Further, where a prisoner does not have the option of being represented by appointed counsel, the prisoner's right of access to the courts “does not require states to give inmates unlimited access to a law library.” Rudnick v. Raemisch, 731 Fed. App'x 753, 755 (10th Cir. 2018) (quoting Penrod v. Zavaras, 94 F.3d 1399, 1403 (10th Cir. 1996) (per curiam)). Moreover, to assert a claim for denial of access to the courts, a prisoner must allege that the failure to provide the legal resources required in Bounds resulted in actual injury. See Lewis v. Casey, 518 U.S. 343, 351 (1996) (“Because Bounds did not create an abstract, freestanding right to a law library or legal assistance, an inmate cannot establish relevant actual injury simply by establishing that his prison's law library or legal assistance program is subpar in some theoretical sense.”). Cortez does not allege that limitations on access to the prison's law library and/or sufficient access to functioning computers resulted in actual injury with regard to a proceeding other than the criminal prosecution against him.
Accordingly, this claim shall be DISMISSED.
B. Legal Mail Violations (¶¶ 30-33)
Cortez alleges that Dumernay interfered with this legal mail and that DeMoura and Hockert-Lotz “ignored” his concerns on this topic. Compl. at ¶ 33. Although the Court will allow this claim to go forward as to Dumernay, Cortez has not alleged sufficient facts showing that DeMoura and Hockert-Lotz directly participated in any constitutional violation committed by Dumernay with regard to Cortez's legal mail.

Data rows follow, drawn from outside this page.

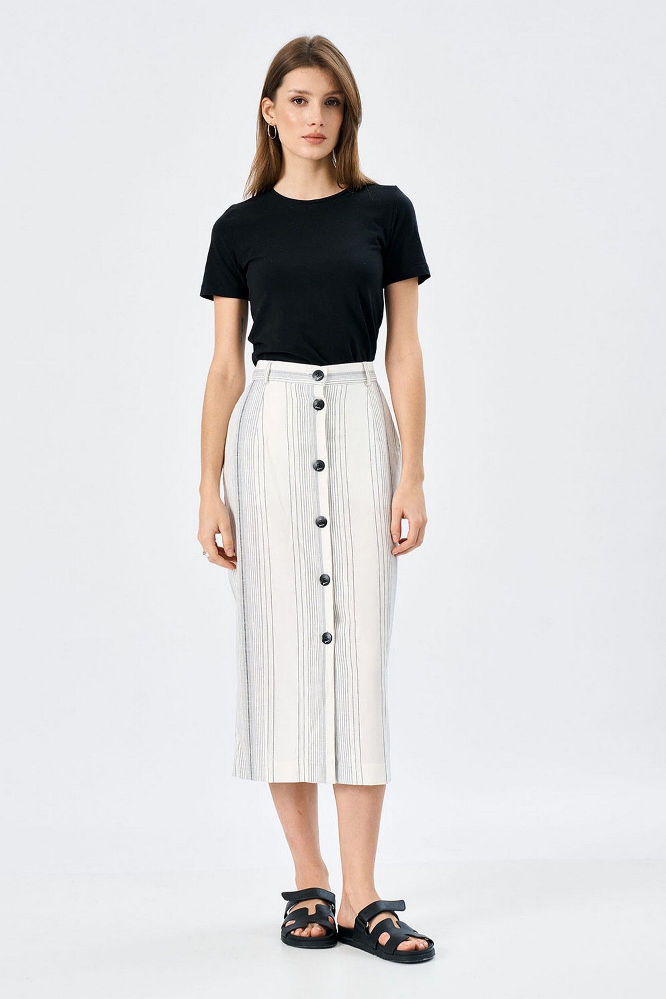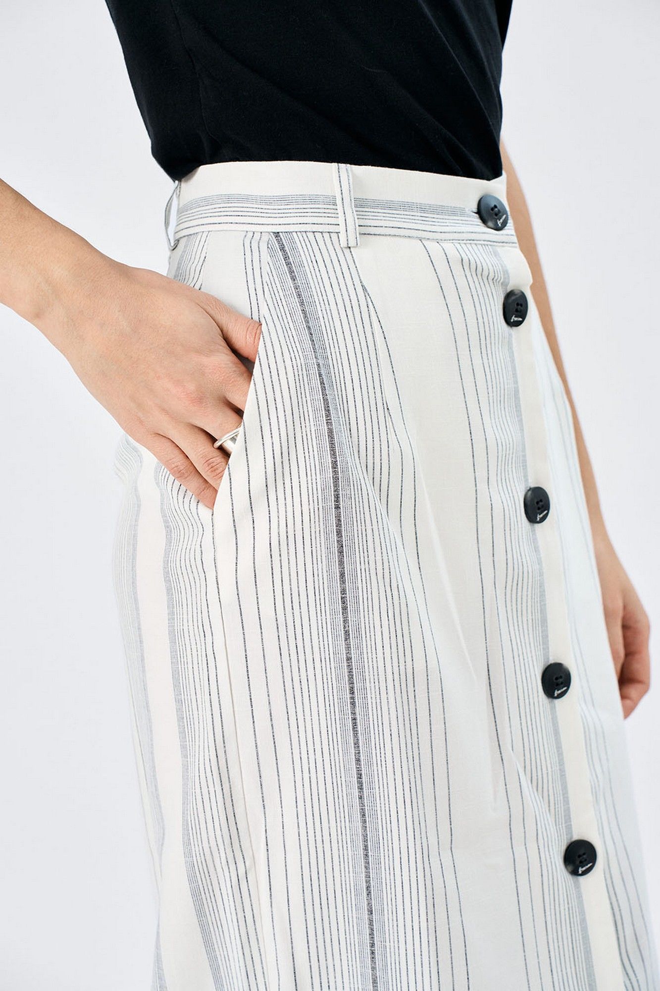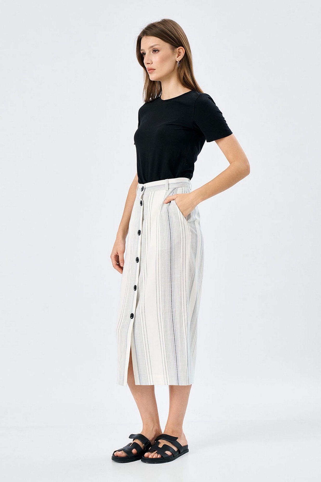 Юбки в полоску - это уже классика, которая должна быть в гардеробе каждой. Такая юбка является универсальной, ведь замечательно сочетается с разными элементами гардероба. Вертикальная полоска на юбке выгодна подчеркнет достоинства и скроет недостатки фигуры. Юбка полуприлегающего силуэта, с карманами, с центральной застежкой на петли и пуговицы. Возможно отличие фотографии по оттенку, связанное с разной цветопередачей монитора.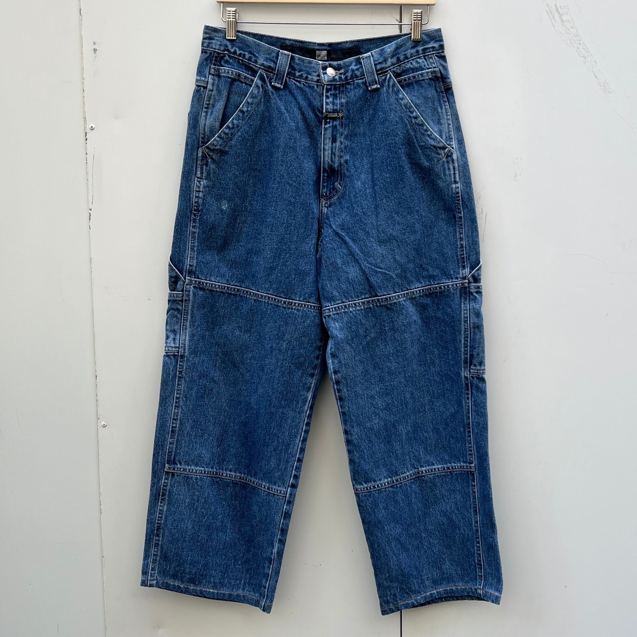 ウォッシュドブルーデニム、右バックポケットにネーム、フロントにロゴ入りボタン、その下にネーム、両サイドにポケットが付いたペインター型デザインです。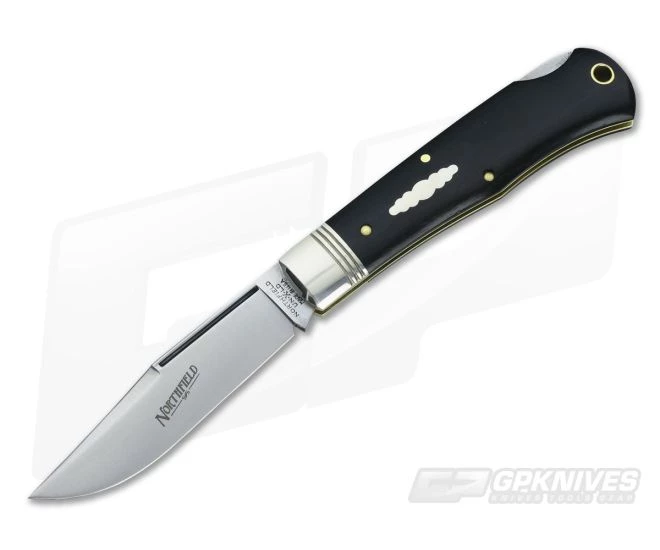 The Blade:Â Satin finished high carbon steel is easy to sharpen and hard-working. The Northfield logo is proudly engraved on the front. Crafted in the clip blade shape offering every day utility with added upper swedge grind. A long nail pull down the first half of the blade makes for easy operation. Opens fully with a solid “thwack” of the lock and ready to get cutting!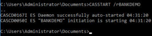 Ingresamos las líneas de comando para activar el servidor, por ejemplo BANKDEMO, en el script de compilación. El comando es básicamente: > casstart /r <name-of-server>. En el caso del ejemplo BANKDEMO, el comando utilizado es: > casstart /rBANKDEMO
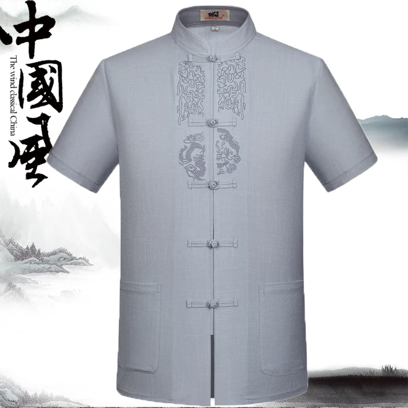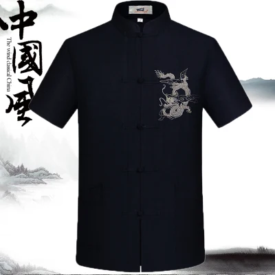 Новый мужской костюм с вышивкой в виде китайского дракона, рубашка с коротким рукавом, традиционная летняя художественная футболка в стиле кунгфу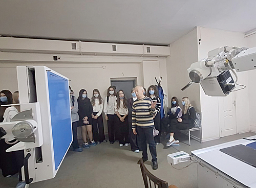 После чего, ребята посетили клиническую лабораторию ЦРБ, экскурсию по которой для них провела ее заведующая И.В. Эль. С отделением лучевой диагностики, его оборудованием, спецификой работы, требованиям к специалистам их познакомил В.В. Кадетов. С назначением отделения функциональной диагностики, его возможностями и оборудованием их познакомила ее заведующая Е.В. Серикова. И в завершение экскурсии В.В. Кадетов рассказал учащимся о роли врачей и среднего медицинского персонала в лечебном процессе, о значении отношений врач — пациент и факторе «призвания» в этой благородной и такой востребованной профессии. И конечно, предложил им задуматься о том, чтобы в будущем специализироваться в области медицины. Надо сказать, что уже сейчас часть школьников готова последовать в медицинские учебные заведения.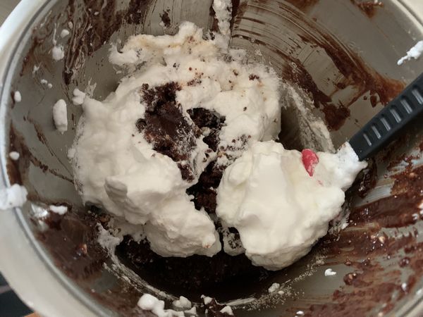 - Incorporer les blancs délicatement à la préparation.
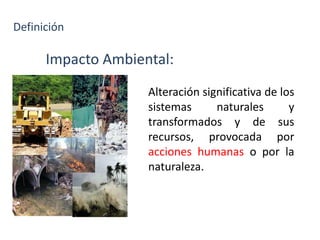 Este documento define el impacto ambiental como la alteración significativa de los sistemas naturales y transformados provocada por acciones humanas o naturales. Explica que los impactos ambientales pueden clasificarse según su tipo (aprovechamiento de recursos o contaminación), efecto, relación causa-efecto, persistencia, periodicidad, capacidad de recuperación, interrelación, intensidad, momento de manifestación, extensión y alcance espacial. Además, identifica algunos tipos de impactos como el aprovechamiento de recursos renovables y no renovables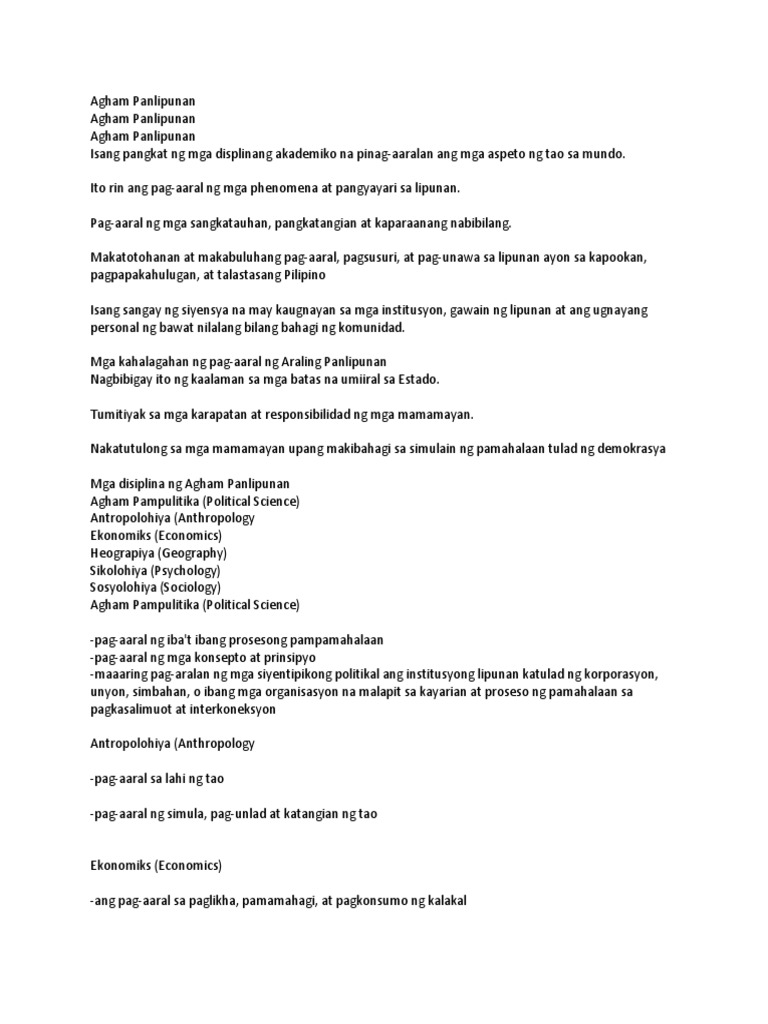 Bakit dapat itong pag-aralan at matutunan ng bawat tao. Pamamahala ng negosyo B. Ang agham Panlipunan ay isang sangay ng kaalaman kung saan pinag-aaralan ang mga pag-uugali ng tao habang sia ay nakikipag-ugnayan sa kanyang kapwa at sa kapaligiran.
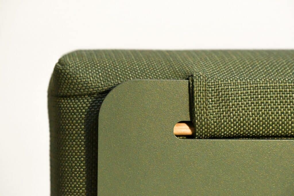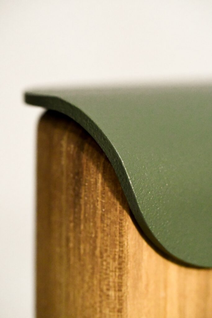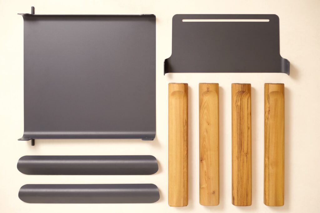 L’aluminium, quant à lui, n’est pas choisi au hasard. Belveo a opté pour une série 5, reconnue pour ses qualités exceptionnelles de résistance à la corrosion. Les tôles, d’une épaisseur de 4mm, sont laminées avant découpe laser et cintrage, un processus qui densifie le métal et le rend plus résistant. On retrouve ici une approche qui n’est pas sans évoquer d’autres projets combinant bois et métal, comme la chaise Kobuz par Wo Mierzwa, où le bois structure et le métal enveloppe. (projet présenté en 2015, le temps passe si vite..)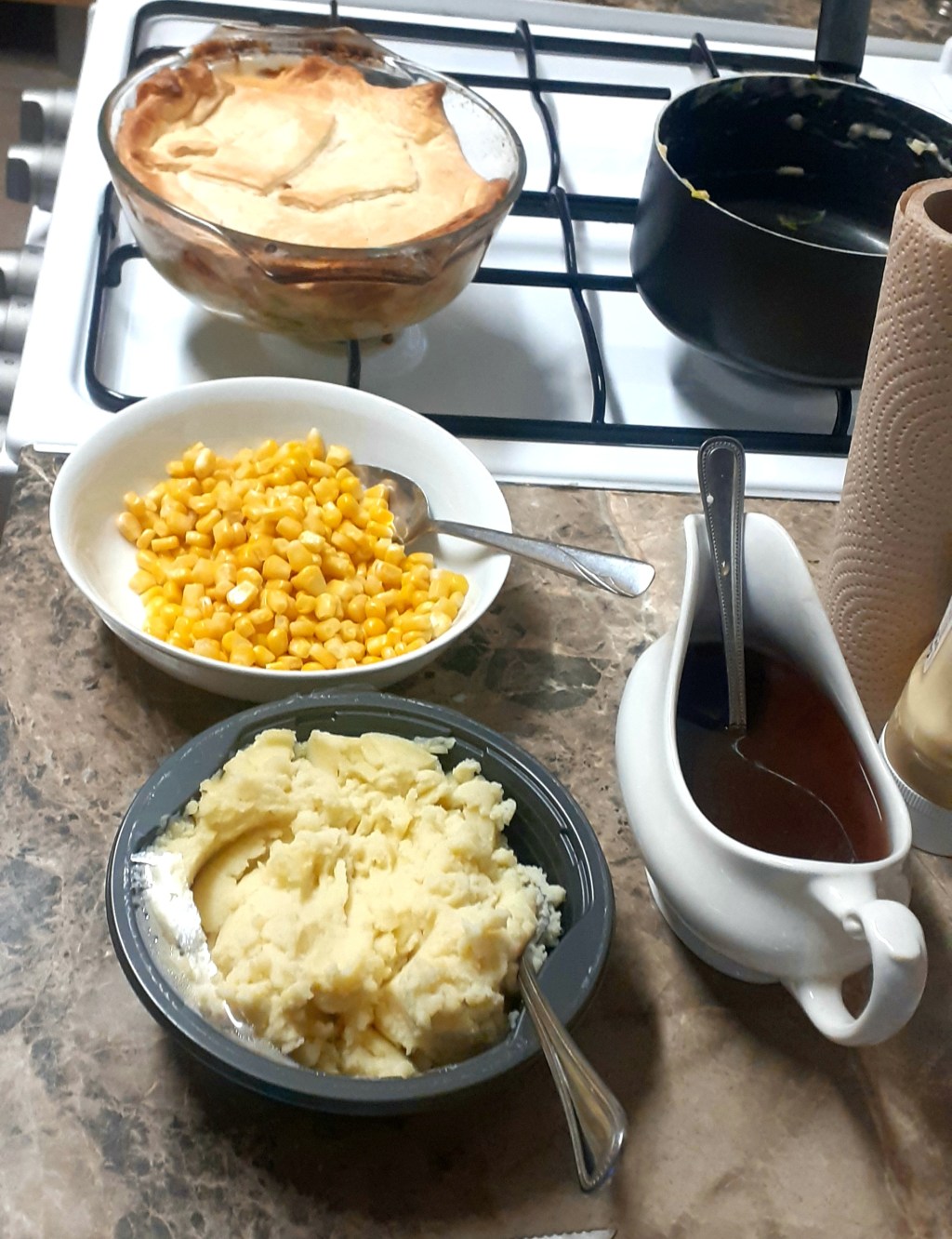 Anyway, we had the pie with mash (Tesco Finest, from the chilled section, which I can strongly recommend – it’s properly buttery and creamy, just what you want from a bit of mash), sweetcorn, and some gravy (from granules, but no worse for it): mum cleared her plate and finished with an unprompted “that was nice”, so that’s two Mum-chelin stars.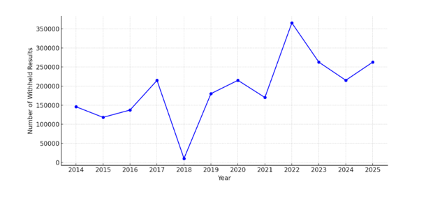 Figure showing WAEC Withheld Results (2014-2025)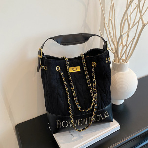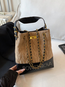菱格绣线包包女2025秋冬季新款百搭链条单肩斜挎包手提托特水桶包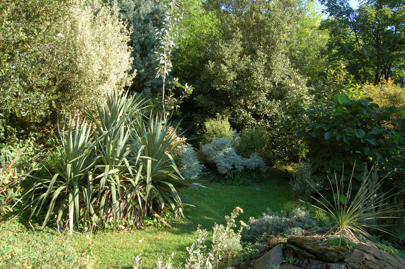 Quercus phillytroides,/*Rhamnus alaternus Argenteovariegatus*/,Quercus ilex,Acer griseum, vorne li Artemisia arb.Powis Castle, re vorne Seseli.......

Accordingly, this claim shall be DISMISSED as to DeMoura and Hockert-Lotz.
C. Religious Diet Violations/Deliberate Indifferences (¶¶ 34-36)
Cortez claims that “[o]n or about September 15, 2020 and throughout [his] stay at MCI Cedar Junction[,] he was maliciously and purposely given the same meals by some of the defendants,” including Dolloff, Robichaud, and McGlyn. Compl. at ¶ 34. Cortez alleges that these three Defendants “purposely and maliciously” “forced [him] to wait up to an hour or longer . . . for his meals while the rest of the entire inmate population received their meals at the scheduled breakfast, lunch, and dinner times.” Id. Cortez further alleges that he was “given incomplete meals denying him of the 2600-3000 daily average calorie intake required by law” and that Dolloff, using very vulgar and derogatory language, told Cortez that didn't care about Cortez's kosher meals. Id. Cortez represents that he addressed these issues with DeMoura, Hockert-Lotz, Robichaud, McGlyn, Dolloff, Burnett, and Duarte, without success.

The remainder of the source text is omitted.